Task:
Exactly as they appear, output all of the records. Skip any images.

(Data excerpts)

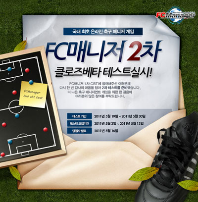 ¢ßÇѺû¼ÒÇÁÆ®(´ëÇ¥ ±è±â¿µ)´Â ±ÝÀÏ(5¿ù 2ÀÏ)ºÎÅÍ ¡°±¹³» ÃÖÃÊ ¿Â¶óÀÎ Ã౸ ¸Å´ÏÁö¸ÕÆ® °ÔÀÓ¡± < FC¸Å´ÏÀú > (http://fcm.hanbiton.com) 2Â÷ ºñ°ø°³Å×½ºÆ®ÀÇ Âü°¡ÀÚ¸¦ ¸ðÁýÇÑ´Ù.
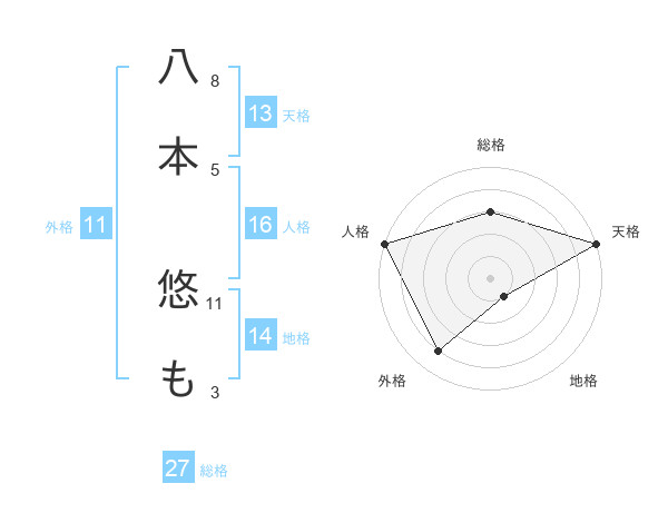 八本 悠もさんの外格は11画の4点!
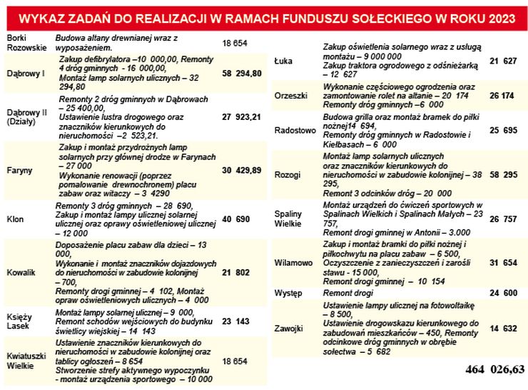 Już od siedmiu lat na terenie gminy Rozogi funkcjonuje fundusz sołecki. W tym roku na realizowane w jego ramach zadania zostanie przeznaczone 464 tys. zł. Najwięcej z tego sołectwa zamierzają wykorzystać na remonty dróg - 150 tys. zł oraz zakup i montaż lamp solarnych – 121 tys. zł. Chętnie też za pozyskane środki będą ogradzać, doposażać i remontować place zabaw – 48 tys. zł oraz montować urządzenia do ćwiczeń sportowych – 34 tys. zł. {akeebasubs !*}
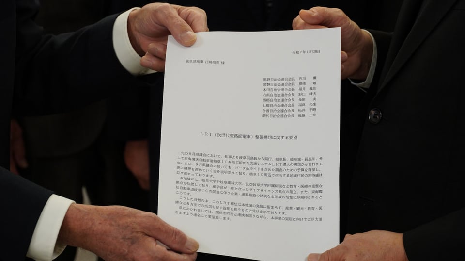 要望の内容は、岐阜市の北西部地域には岐阜大学や大学附属病院など教育・医療の重要な拠点があり、東海環状自動車道の岐阜IC(インターチェンジ)も開通し活性化が期待されるとして、地域のさらなる発展のためにLRT整備構想の実現を求めています。
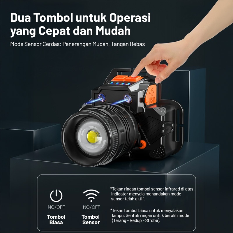 Senter Kepala /Lampu Senter Kepala/Baterai 6000mAh 20Watt Senter Super Serang Daya Tahan Baterai Yang Sangat Lama ONEPR
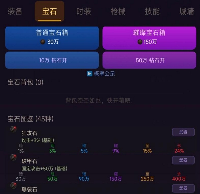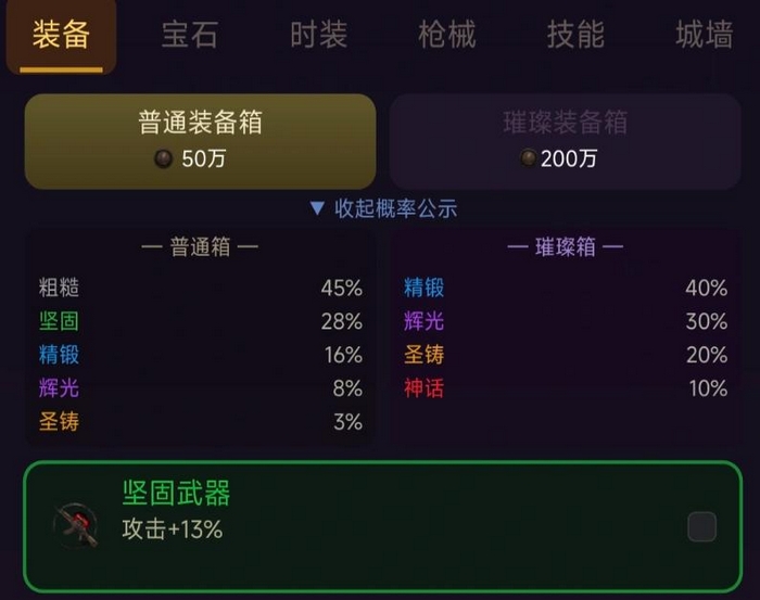 养成内容还挺丰富的,像是装备、宝石、时装、机械、技能、城墙等等,有好几条的养成线。装备和宝石都是需要开箱获取的,因此对金币的的需求还是蛮高的。养成初期提升很缓慢,但随着资源累计逐步加快,养成速度也会越来越快。
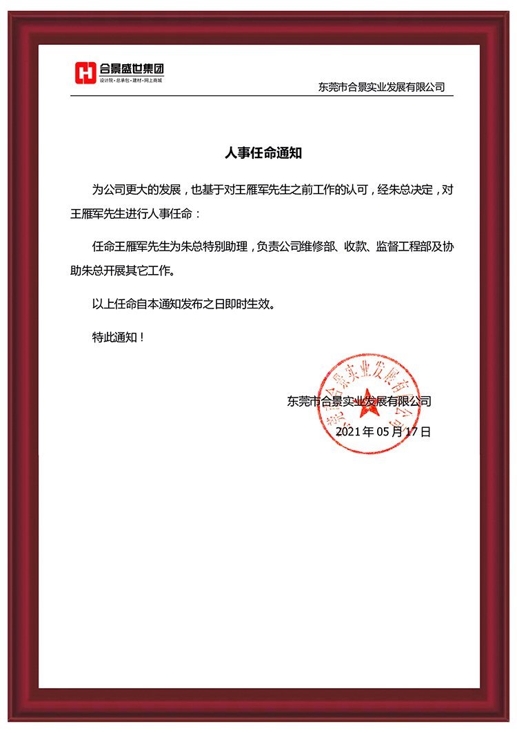 為推動公司更大發展,經公司綜合評估,王雁軍先生將擔任朱總特別助理,負責公司維修部、收款、監理部及協助總經理開展其他工作。
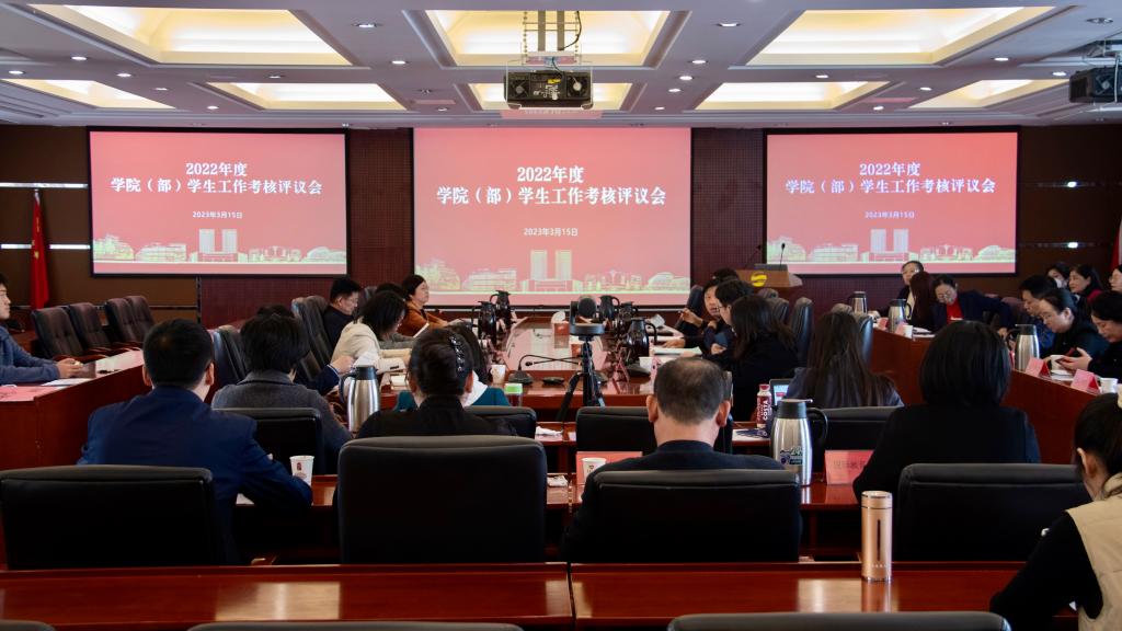 新闻网讯 3月15日下午,学校在办公楼第一会议室举行2022年度学院(部)学生工作考核评议会。校党委常委、副校长刘彩云,校党委常委、组织部部长徐龙飞出席会议,宣传部、统战部、教务处、研究生院、学生工作处、安全管理处、团委等相关部门负责人参加了此次评议会。本次学院(部)学生工作考核评议会采取“线下+线上”相结合的方式进行,全体辅导员通过钉钉系统同步收看会议。
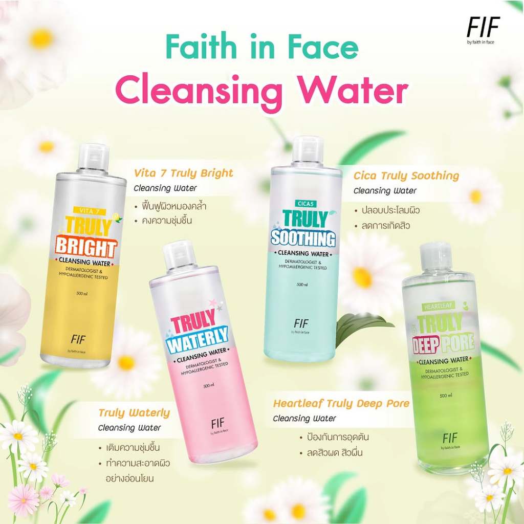 Faith in Face Cleansing Water 500ml คลีนซิ่ง จากเฟธอินเฟซ ขจัดสิ่งสกปรกคราบเครื่องสำอางอย่างอ่อนโยน
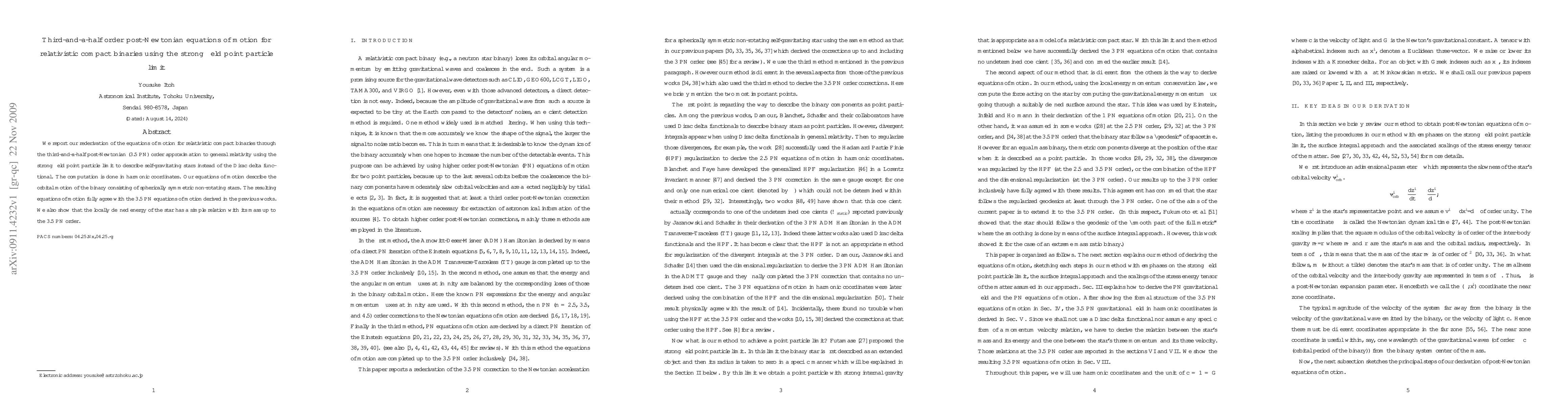 We report our rederivation of the equations of motion for relativistic compact binaries through the third-and-a-half post-Newtonian (3.5 PN) order approximation to general relativity using the strong field point particle limit to describe self-gravitating stars instead of the Dirac delta functional. The computation is done in harmonic coordinates. Our equations of motion describe the orbital motion of the binary consisting of spherically symmetric non-rotating stars. The resulting equations of motion fully agree with the 3.5 PN equations of motion derived in the previous works. We also show that the locally defined energy of the star has a simple relation with its mass up to the 3.5 PN order.
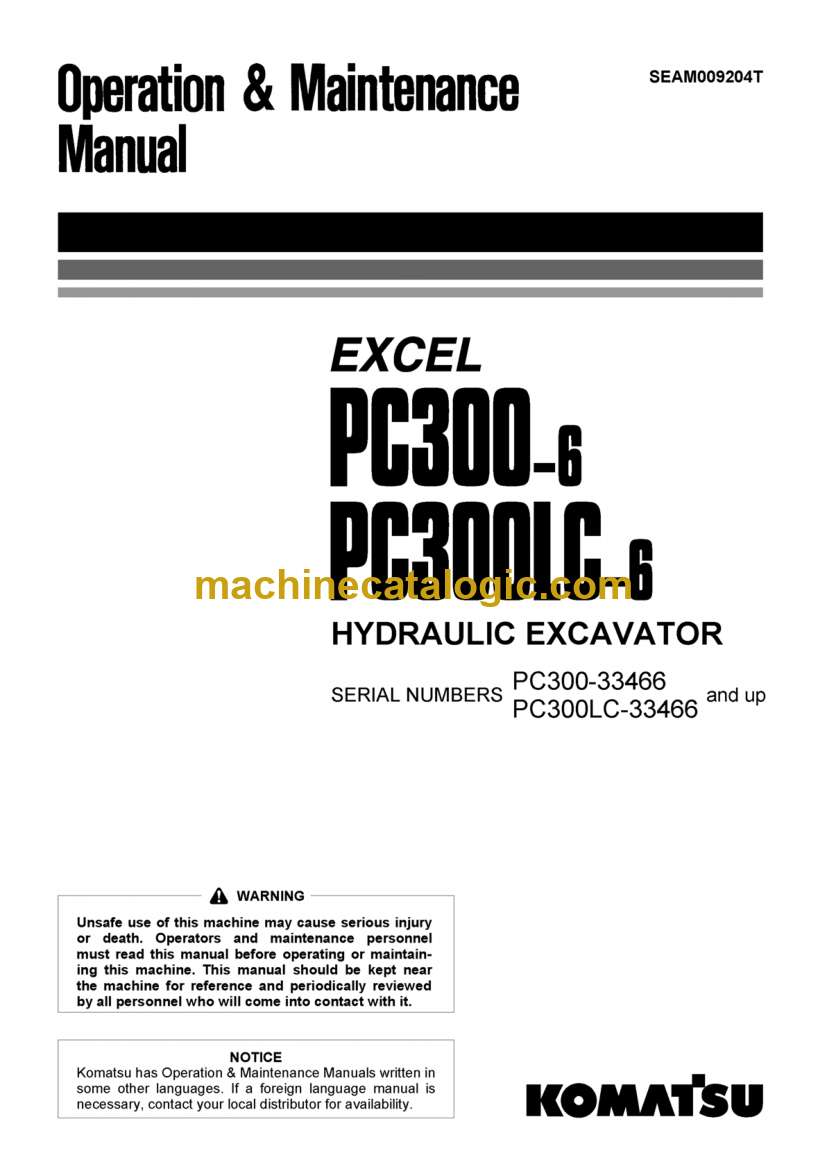Model: PC300-6, PC300LC-6 Hydraulic Excavator
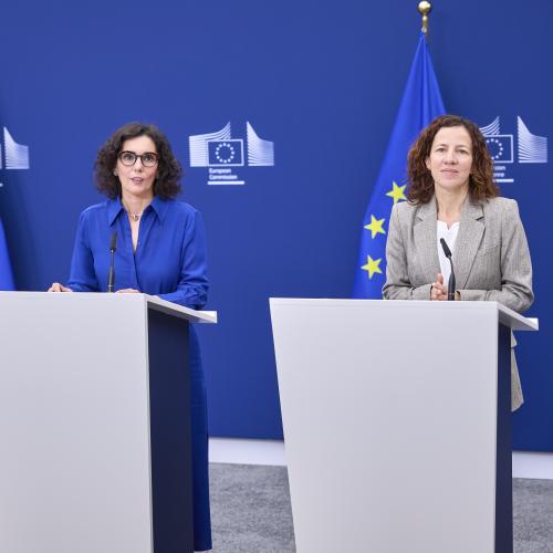 Roxana Mînzatu, vicepreședinte executiv al Comisiei Europene, și Hadja Lahbib, comisar pentru Egalitate, la prezentarea răspunsului Comisiei la Inițiativa Cetățenească Europeană „My Voice, My Choice”, privind utilizarea fondurilor UE pentru sprijinirea accesului la avort sigur și legal.
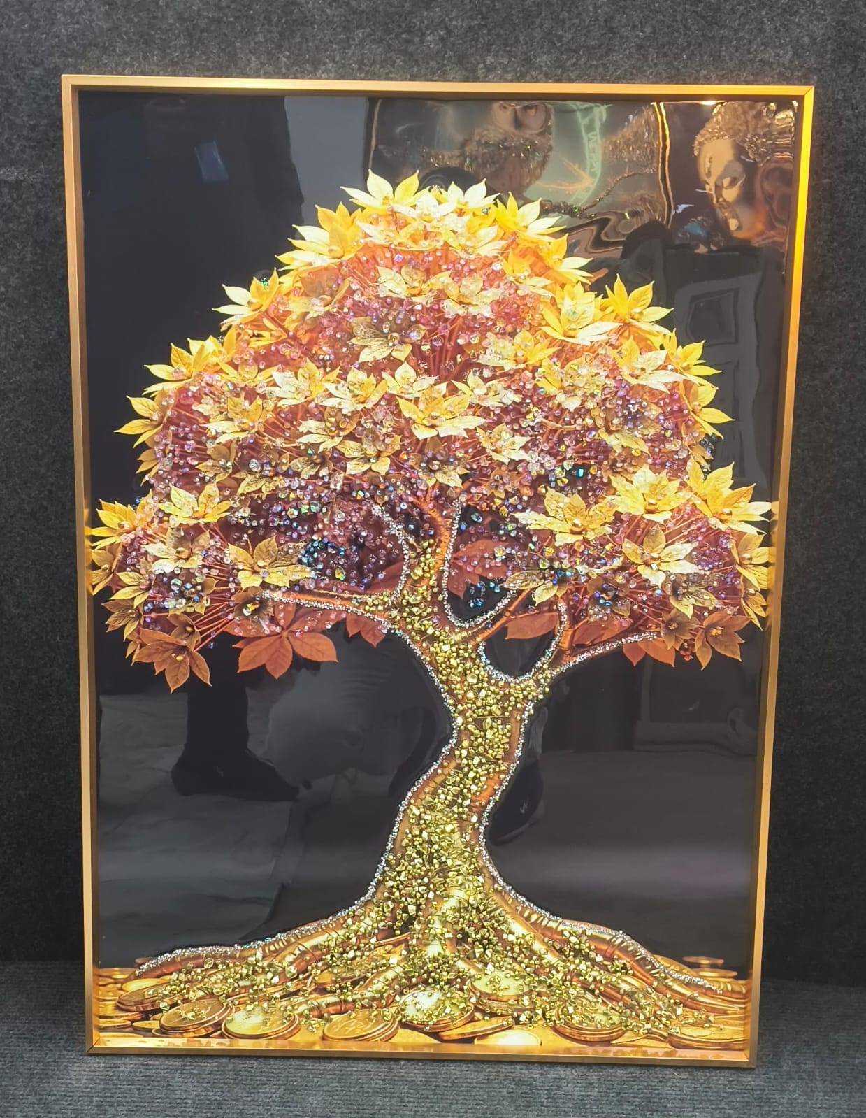 Golden Money Tree Crystal Porcelain Wall Painting.
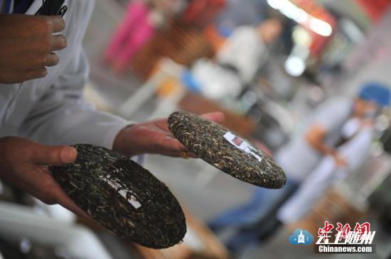 工作人员展示压好的普洱茶茶饼。中新社记者 刘冉阳 摄
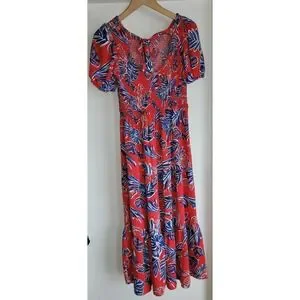 Sincerely Jules Women's Floral Midi Red Dress M Tropical Ruched Tie Back Resort
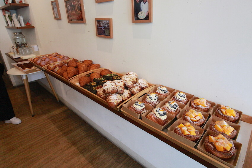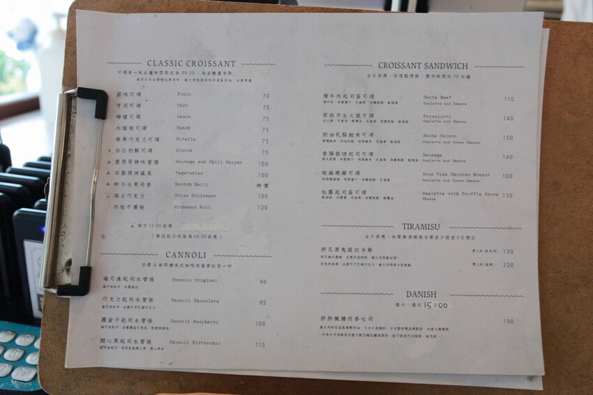 檯面上有芒果丹麥110元、藍莓丹麥100元、原味可頌70元、杏仁奶酥可頌75元、卡士達可頌75元、巧克力可頌75元、芋頭可頌75元、水蜜桃可頌75元........等等,小高覺得店家可頌定價不會偏貴。
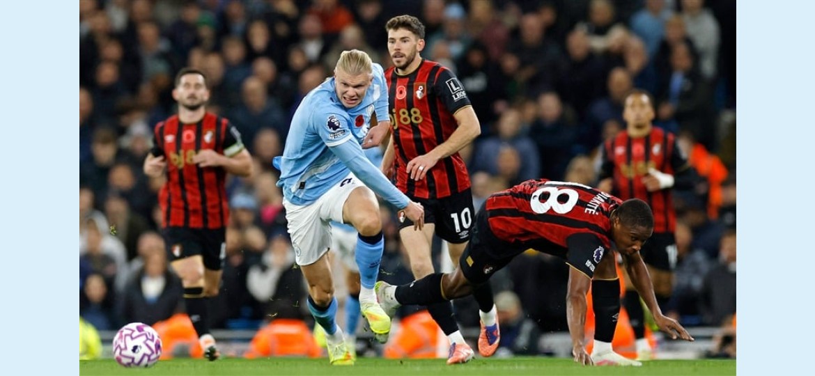 تألق النرويجي إيرلينغ هالاند بتسجيله هدفين في الشوط الأول، بعدما افتتح التسجيل في الدقيقة 17 من هجمة مرتدة سريعة، قبل أن يعادل تايلر آدامز النتيجة لبورنموث في الدقيقة 25 من ركلة ركنية.
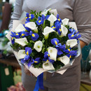 Buket iz belih kall, sinih irisov s dekorativnoj zelen_yu v dizajnerskoj bumage kraft.
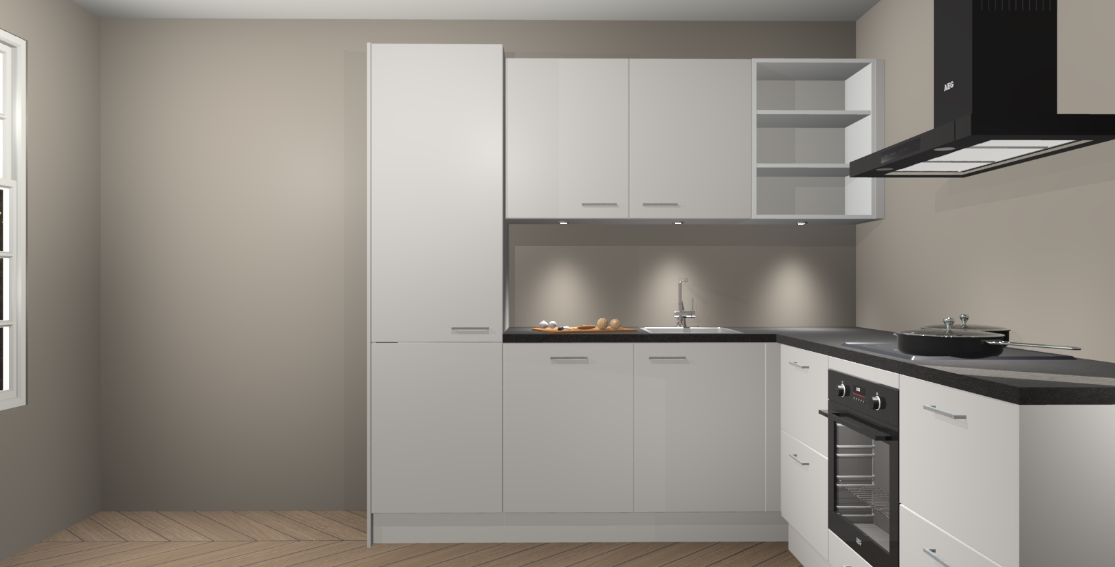 Met zijn moderne design en aantrekkelijke hoekopstelling biedt deze keuken een unieke look die zelfs de meest veeleisende huiseigenaar zal bevallen. En omdat de binnenkant van de kasten dezelfde kleur heeft als de buitenkant, heeft uw keuken een consistente afwerking. Bovenop de geweldige look is opbergruimte ook geen probleem, met voldoende kast- en laderuimte achter zelfs de mooiste buitenkant.

Result for this task:
 ¢ßÇѺû¼ÒÇÁÆ®(´ëÇ¥ ±è±â¿µ)´Â ±ÝÀÏ(5¿ù 2ÀÏ)ºÎÅÍ ¡°±¹³» ÃÖÃÊ ¿Â¶óÀÎ Ã౸ ¸Å´ÏÁö¸ÕÆ® °ÔÀÓ¡± < FC¸Å´ÏÀú > (http://fcm.hanbiton.com) 2Â÷ ºñ°ø°³Å×½ºÆ®ÀÇ Âü°¡ÀÚ¸¦ ¸ðÁýÇÑ´Ù.
 八本 悠もさんの外格は11画の4点!
 Już od siedmiu lat na terenie gminy Rozogi funkcjonuje fundusz sołecki. W tym roku na realizowane w jego ramach zadania zostanie przeznaczone 464 tys. zł. Najwięcej z tego sołectwa zamierzają wykorzystać na remonty dróg - 150 tys. zł oraz zakup i montaż lamp solarnych – 121 tys. zł. Chętnie też za pozyskane środki będą ogradzać, doposażać i remontować place zabaw – 48 tys. zł oraz montować urządzenia do ćwiczeń sportowych – 34 tys. zł. {akeebasubs !*}
 要望の内容は、岐阜市の北西部地域には岐阜大学や大学附属病院など教育・医療の重要な拠点があり、東海環状自動車道の岐阜IC(インターチェンジ)も開通し活性化が期待されるとして、地域のさらなる発展のためにLRT整備構想の実現を求めています。
 Senter Kepala /Lampu Senter Kepala/Baterai 6000mAh 20Watt Senter Super Serang Daya Tahan Baterai Yang Sangat Lama ONEPR
 养成内容还挺丰富的,像是装备、宝石、时装、机械、技能、城墙等等,有好几条的养成线。装备和宝石都是需要开箱获取的,因此对金币的的需求还是蛮高的。养成初期提升很缓慢,但随着资源累计逐步加快,养成速度也会越来越快。
 為推動公司更大發展,經公司綜合評估,王雁軍先生將擔任朱總特別助理,負責公司維修部、收款、監理部及協助總經理開展其他工作。
 新闻网讯 3月15日下午,学校在办公楼第一会议室举行2022年度学院(部)学生工作考核评议会。校党委常委、副校长刘彩云,校党委常委、组织部部长徐龙飞出席会议,宣传部、统战部、教务处、研究生院、学生工作处、安全管理处、团委等相关部门负责人参加了此次评议会。本次学院(部)学生工作考核评议会采取“线下+线上”相结合的方式进行,全体辅导员通过钉钉系统同步收看会议。
 Faith in Face Cleansing Water 500ml คลีนซิ่ง จากเฟธอินเฟซ ขจัดสิ่งสกปรกคราบเครื่องสำอางอย่างอ่อนโยน
 We report our rederivation of the equations of motion for relativistic compact binaries through the third-and-a-half post-Newtonian (3.5 PN) order approximation to general relativity using the strong field point particle limit to describe self-gravitating stars instead of the Dirac delta functional. The computation is done in harmonic coordinates. Our equations of motion describe the orbital motion of the binary consisting of spherically symmetric non-rotating stars. The resulting equations of motion fully agree with the 3.5 PN equations of motion derived in the previous works. We also show that the locally defined energy of the star has a simple relation with its mass up to the 3.5 PN order.
Model: PC300-6, PC300LC-6 Hydraulic Excavator
 Roxana Mînzatu, vicepreședinte executiv al Comisiei Europene, și Hadja Lahbib, comisar pentru Egalitate, la prezentarea răspunsului Comisiei la Inițiativa Cetățenească Europeană „My Voice, My Choice”, privind utilizarea fondurilor UE pentru sprijinirea accesului la avort sigur și legal.
 Golden Money Tree Crystal Porcelain Wall Painting.
 工作人员展示压好的普洱茶茶饼。中新社记者 刘冉阳 摄
 Sincerely Jules Women's Floral Midi Red Dress M Tropical Ruched Tie Back Resort
 檯面上有芒果丹麥110元、藍莓丹麥100元、原味可頌70元、杏仁奶酥可頌75元、卡士達可頌75元、巧克力可頌75元、芋頭可頌75元、水蜜桃可頌75元........等等,小高覺得店家可頌定價不會偏貴。
 تألق النرويجي إيرلينغ هالاند بتسجيله هدفين في الشوط الأول، بعدما افتتح التسجيل في الدقيقة 17 من هجمة مرتدة سريعة، قبل أن يعادل تايلر آدامز النتيجة لبورنموث في الدقيقة 25 من ركلة ركنية.
 Buket iz belih kall, sinih irisov s dekorativnoj zelen_yu v dizajnerskoj bumage kraft.
 Met zijn moderne design en aantrekkelijke hoekopstelling biedt deze keuken een unieke look die zelfs de meest veeleisende huiseigenaar zal bevallen. En omdat de binnenkant van de kasten dezelfde kleur heeft als de buitenkant, heeft uw keuken een consistente afwerking. Bovenop de geweldige look is opbergruimte ook geen probleem, met voldoende kast- en laderuimte achter zelfs de mooiste buitenkant.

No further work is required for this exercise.